Pesquisa aponta o protagonismo de mulheres negras no patrimônio cultural por meio da técnica de renda bilro

Algumas tradições atravessam o oceano para ganhar novas narrativas e significados. A renda bilro, uma técnica de renda que chegou ao Brasil pelos colonizadores, com forte influência portuguesa, é atualmente produzida na costa nordeste. Esse saber transmitido de geração para geração é carregado de memória e identidade, sendo a mão de obra formada por mulheres negras que protegem o patrimônio imaterial. A dissertação da pesquisadora Anna Luísa Santos de Oliveira, intitulada “Mãos que cosem a memória: as rendeiras de Saubara–BA e o protagonismo de mulheres negras no patrimônio cultural” aborda o saber fazer memória com as mãos usando a renda bilro, analisando a Casa das Rendeiras, localizada no município baiano de Saubara, como um espaço de salvaguarda do patrimônio imaterial e o protagonismo feminino negro. O estudo conta com embasamento metodológico do campo da sociomuseologia e, ainda, contou com a participação de oito rendeiras que compartilharam em entrevista um pouco de suas vidas, histórias e conhecimentos.

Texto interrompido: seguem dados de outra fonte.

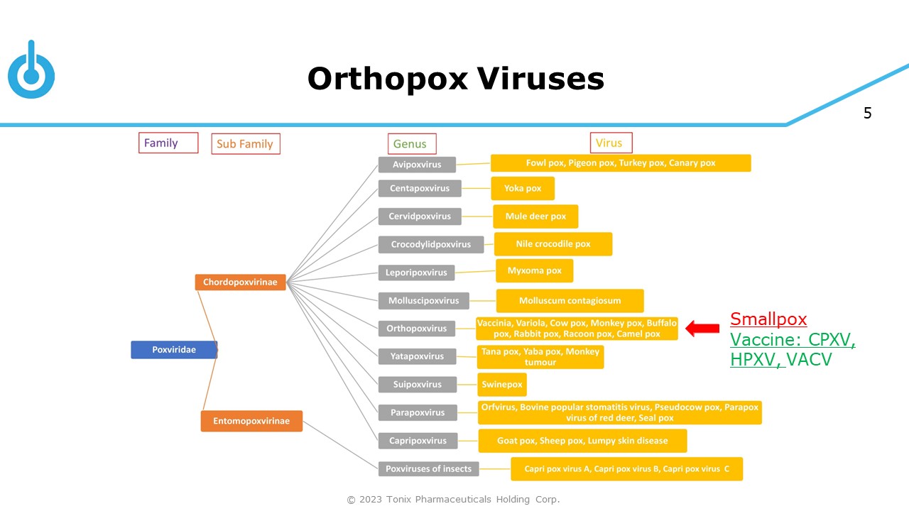 5 Orthopox Viruses Smallpox Vaccine: CPXV, HPXV, VACV © 2023 Tonix Pharmaceuticals Holding Corp.

“Como recorte de pesquisa para esta dissertação, busquei a análise da Casa das Rendeiras de Saubara e seu papel na salvaguarda da memória e identidade de mulheres negras por meio do saber fazer e suas interseccionalidades entre gênero e raça em confluência com a sociomuseologia. Compreendo a organização da Casa das Rendeiras enquanto prática política onde mulheres são protagonistas em coser a renda de bilro, e concomitantemente agem na salvaguarda do patrimônio imaterial. As mulheres negras reunidas na Casa das Rendeiras ou em suas residências constituem o coletivo para a continuidade da memória e compartilhamento dessas representações identitárias”, pontua a pesquisadora.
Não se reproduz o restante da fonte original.